1. AVs must be superhuman just to break even.
I'm picturing the matchup like this:
AVs will be inferior at:
- Interpreting Edge Cases: Andrej Karpathy has a nice compilation of these that should frighten any AV engineer. Sacha Arnoud and Drago Anguelov (Waymo) have have more.
- Acting to Reduce Uncertainty: Hand-designed recovery rules with machine-learned triggers should be enough to handle most common cases, but not all of them.
- Self-Improvement: humans can learn from their failures without needing to upload them to the cloud, wait for an engineer to build a fix, and pull the fix back down over Wi-Fi...
AVs could be superior at:
- Mapping: AVs can have centimeter-accurate localization in richly-detailed maps.
- Surround Perception: AVs can be watching every direction at once, with multiple sensors, at all times, without getting distracted.
- Low Latency: AVs can (in theory) have reaction times in the ones or tens of milliseconds, instead of the thousands.
2. AVs need to track uncertainty and reduce it over time.
...because uncertainty is necessary for fault-tolerant intelligence.
Any line of code that looks like if (p_x > threshold)
(binarizing a confidence estimate) or x = argmax(x_likelihoods)
(binarizing a distribution) is going to cause a comical failure eventually.

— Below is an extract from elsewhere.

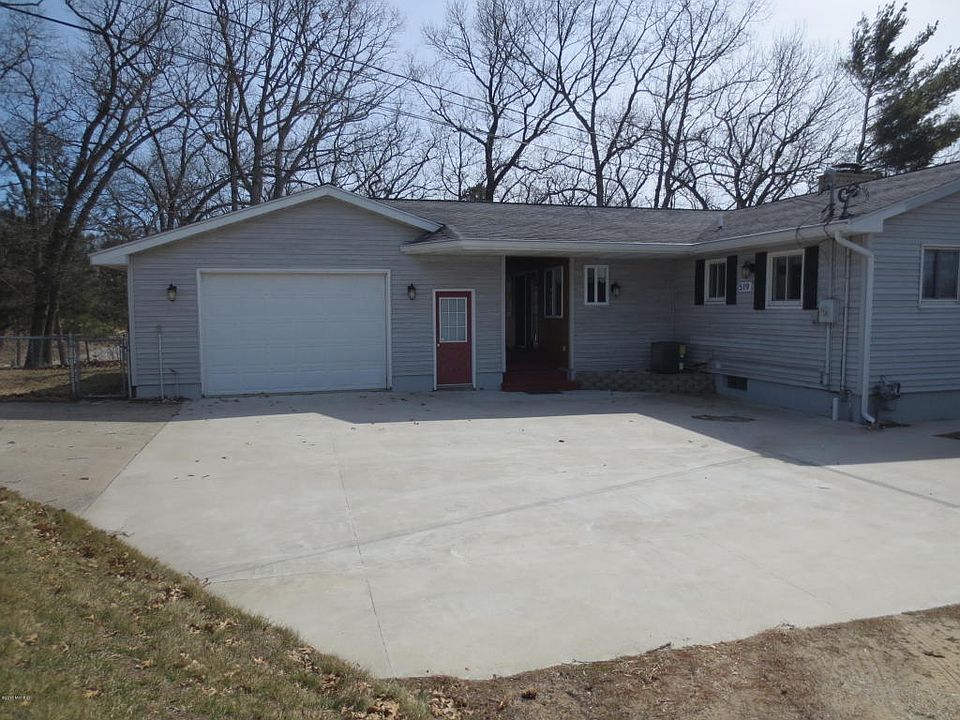 Please enjoy the 100 ft of sandy beach and "million dollar" views of all sports Wolf Lake from your updated walkout ranch home. Located near Wolf Lake campground, you may witness all that nature has to offer with eagles and assorted wildlife as this home has windows galore. Since 2011, there are substantial upgrades including, installation of retaining walls, 60 ft aluminum dock, gutters, upgraded sprinkling system, and additional shed, cement pad driveway, and new well (2017). On the interior,some of the upgrades include fresh paint and newer floor coverings, newer furnace, water heater, and air conditioning system, re-modeled bath, installation of vertical blinds, updated electrical, etc. Some additional highlights include main floor laundry, recessed lighting, multi-tiered decks

If you forgo uncertainty at one layer in your perception stack, you're doomed to approximate the uncertainty with temporal smoothing at the next level up; the end result of this approach is a card tower of progressively-worse approximations.
(Corollary: systems that devote all of their energy to good per-frame results will fare poorly. The real world is not a benchmark, frames are not i.i.d, and it's usually better to run a dumber system at higher framerates with good cross-frame tracking.)
3. AVs that work anywhere must first work everywhere (cautiously)
I am very pessimistic about systems that start by assuming an idealized environment and attempt to special-case for harder ones. Starting with minimal assumptions about the environment is another form of built-in fault tolerance.
Successful systems will start with a foundation of content-agnostic environment reconstruction (through LIDAR, stereo, SFM/MVS, whatever) + obstacle avoidance, and special-case upwards. If there are line lines, use them as a strong prior for where to drive. If some obstacles are recognizable as cars and pedestrians, use stronger assumptions about how those obstacles will move. If you can recognize an obstacle as a plastic bag or a cloud of exhaust, you can safely run into it. But only then.